Student A scores 175 on Exam1 and 235 on Exam2.
Student B scores 205 on Exam1 and 285 on Exam1.

Now let's map this to our USMLE distribution with M=218 and SD=22.

Z for Student A in Exam1 = 175-180/15 = -0.3333
Z for Student A in Exam2 = 235-240/25 = -0.2

Z for Student B in Exam1 = 205-180/15 = 1.6666
Z for Student B in Exam2 = 285-240/25 = 1.8

USMLE score for student A in Exam1 = -0.33*22+218 = 211
USMLE score for student A in Exam2 = -0.20*22+218 = 213

USMLE score for student B in Exam1 = 1.66*22+218 = 254
USMLE score for student B in Exam2 = 1.80*22+218 = 257

So, relax! You will still get a score close to what your NMBE average is/was (as long you don't panic during exam!).

Now, for fun, here are 3 equations to compute your percentile, 2-digit score and 3-digit score from NBME score.

Enter you NBME score in spreadsheet cell A1

Enter following 3-digit equation in cell A2
=IF(AND(200<=A1,A1<=800),ROUND((70.2-0.0000002067*A1^3+0.0000937*A1 ^2+0.30096*A1),0),"Error")

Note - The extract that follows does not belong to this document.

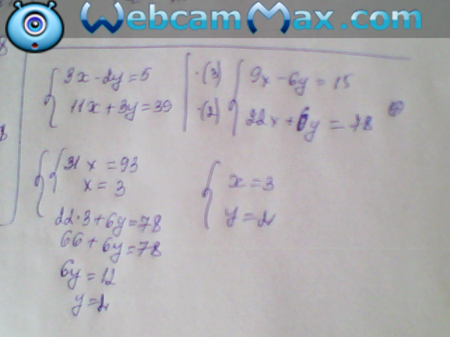 х = (1/3)(5 + 2y) =(1/3)(5 + 2*2) = 3

Enter following 2-digit equation in cell A3
=IF(AND(100<=A2,A2<=300),IF(A2 > 236, 99, ROUND((0.4715*A2-12.5),0)),"Error")

Enter following percentile equation in cell A4
=IF(AND(200<=A1,A1<=800),ROUND(NORMSDIST((A1-500)/100)*100,2),"Error")
No wizardry here!
Fact 1.
NBME to 3-Digit USMLE data is provided here (by NBME):
https://apps.nbme.org/nsasweb/doc/sample_CBSSA.pdf
Fact 2.
NBME score data (200-800) in the link above has normal-distrubution, therefore percentile score can be easily computed.
Fact 3.
2-Digit USMLE score is a straight line from passing 75 (185) to Min. 99 (236).
Fact 4.
Approx. correct answers data can be derived if you have developed OCD with analyzing NBME/USMLE scoring system!!!!